Field                                                                                                  |  Response
:------------------------------------------------------------------------------------------------------|:---------------------------------------------------------------------------------
Intended Task/Domain:                                                                   |  Vision-to-action model designed to play video games directly from raw frames
Model Type:                                                                                            |  Transformer
Intended Users:                                                                                        |  Researchers, game developers, open source community, gamers. Potential applications include next-generation game AI, automating testing for video games, and generally advancing research in embodied AI.
Output:                                                                                                |  Gamepad actions
Describe how the model works:                                                                          |  Image inputs are encoded with a vision transformer. A separate diffusion transformer is conditioned on the image embeddings, which then denoise an action tensor 
Name the adversely impacted groups this has been tested to deliver comparable outcomes regardless of:  |  Not Applicable
Technical Limitations & Mitigation:                                                                    |  This model performs well on games played with a gamepad.

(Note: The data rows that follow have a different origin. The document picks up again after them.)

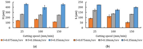 The measured chip morphology parameters are summarized in Figure 3. An increase in all parameters was observed as the feed was increased. The increase in cutting speed shows a little effect on and (Figure 3a,b), but a slight increase in and (Figure 3c,d), i.e., the segments are more spaced. This is not the case of the lowest feed, for which the chip segmentation is aperiodic. Irregular segments are formed, corresponding to variable geometry parameters along the chip. There is no clear trend (increase or decrease) of chip parameters as cutting speed increases. The complex interaction between the work-hardening (dominant at low speeds) and work-softening (dominant at higher Vc), mainly in the formed localized shear bands, leads to such variations. In the next section, more insight on the mechanism of chip formation (interaction of damage occurrence and microstructure change) is addressed.
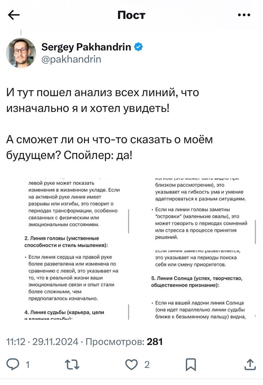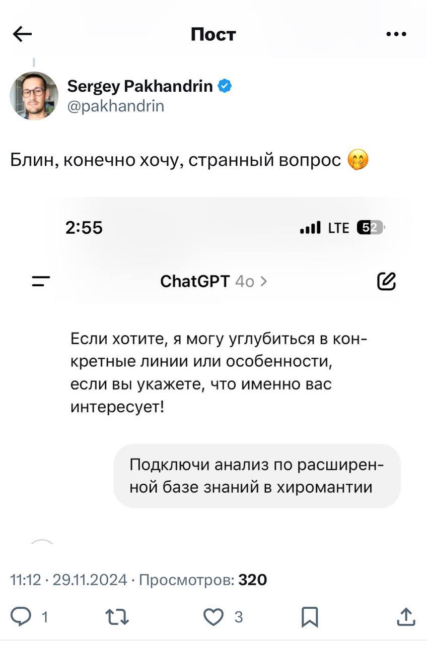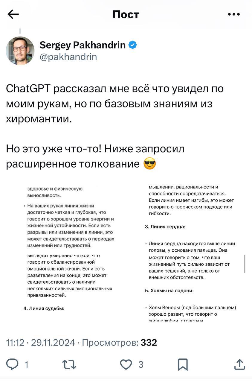Чел попросил ChatGPT… погадать ему по руке. Результат убил: ИИ выдал ПОДРОБНЫЙ анализ каждой линии на руке и даже предсказания на будущее.
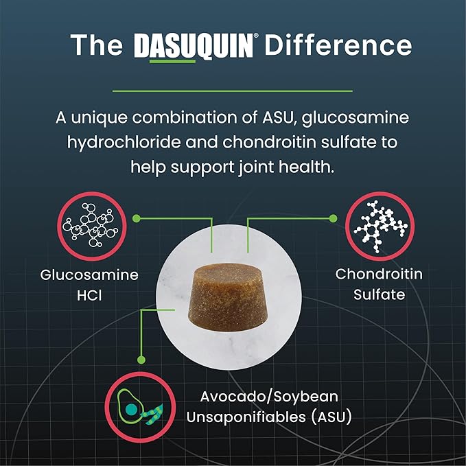 • Joint Health Support for Senior Dogs: Dasuquin, the #1 veterinarian recommended joint health supplement brand◆, contains avocado/soybean unsaponifiables (ASU), glucosamine hydrochloride, and sodium chondroitin sulfate that work better together to support joint health in dogs

Model may not perform well on games played with a keyboard or mouse.
Verified to have met prescribed NVIDIA quality standards:  |  Yes
Performance Metrics:                                                                                   |  Task success rate 
Potential Known Risks:                                                                                 |  The model may occasionally lose at certain games.
Licensing:                                                                                             |  Governing Terms:  [NVIDIA License](https://developer.download.nvidia.com/licenses/NVIDIA-OneWay-Noncommercial-License-22Mar2022.pdf).  Additional Information:  [Apache License](https://huggingface.co/datasets/choosealicense/licenses/blob/main/markdown/apache-2.0.md) for [https://huggingface.co/google/siglip2-base-patch16-224]().